I have an essay in the latest issue of Foreign Affairs entitled “The New New World Order“. The precis:
Controversies over the war in Iraq and U.S. unilateralism have overshadowed a more pragmatic and multilateral component of the Bush administration’s grand strategy: its attempt to reconfigure U.S. foreign policy and international institutions in order to account for shifts in the global distribution of power and the emergence of states such as China and India. This unheralded move is well intentioned and well advised, and Washington should redouble its efforts.

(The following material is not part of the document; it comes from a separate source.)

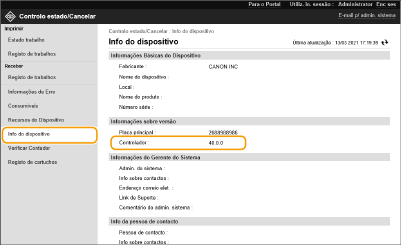 ![]() | É periodicamente lançado novo firmware para adicionar novas funções ou resolver problemas com as funções existentes. Se estiver disponível novo firmware, siga o procedimento abaixo para atualizar a máquina. É necessário ter privilégios de administrador para atualizar o firmware. |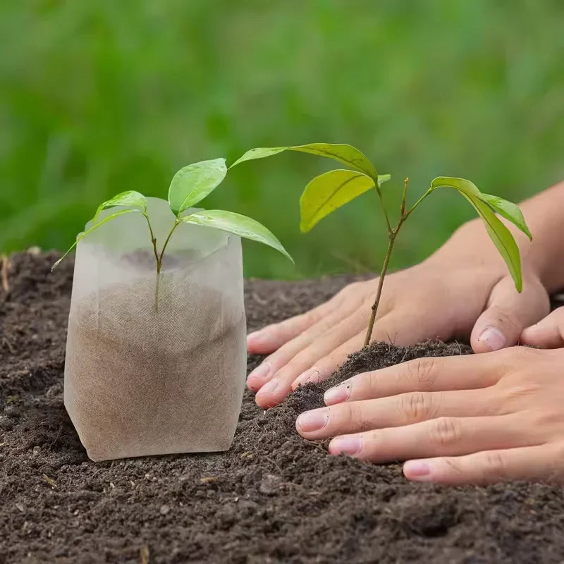 Seedling Bags 100 Pack Degradable Non-Woven Nursery Bags Fabric Seedling Grow Bags Plant Pouch For Garden Agricultural Supply

The slightly longer precis that explains the title:
[The growth of India, China, and other rising powers] will pose a challenge to the U.S.-dominated global institutions that have been in place since the 1940s. At the behest of Washington, these multilateral regimes have promoted trade liberalization, open capital markets, and nuclear nonproliferation, ensuring relative peace and prosperity for six decades — and untold benefits for the United States. But unless rising powers such as China and India are incorporated into this framework, the future of these international regimes will be uncomfortably uncertain. Given its performance over the last six years, one would not expect the Bush administration to handle this challenge terribly well. After all, its unilateralist impulses, on vivid display in the Iraq war, have become a lightning rod for criticism of U.S. foreign policy. But the Iraq controversy has overshadowed a more pragmatic and multilateral component of the Bush administration’s grand strategy: Washington’s attempt to reconfigure U.S. foreign policy and international institutions in order to account for shifts in the global distribution of power. The Bush administration has been reallocating the resources of the executive branch to focus on emerging powers. In an attempt to ensure that these countries buy into the core tenets of the U.S.-created world order, Washington has tried to bolster their profiles in forums ranging from the International Monetary Fund (IMF) to the World Health Organization, on issues as diverse as nuclear proliferation, monetary relations, and the environment. Because these efforts have focused more on so-called low politics than on the global war on terrorism, they have flown under the radar of many observers. But in fact, George W. Bush has revived George H. W. Bush’s call for a “new world order” — by creating, in effect, a new new world order.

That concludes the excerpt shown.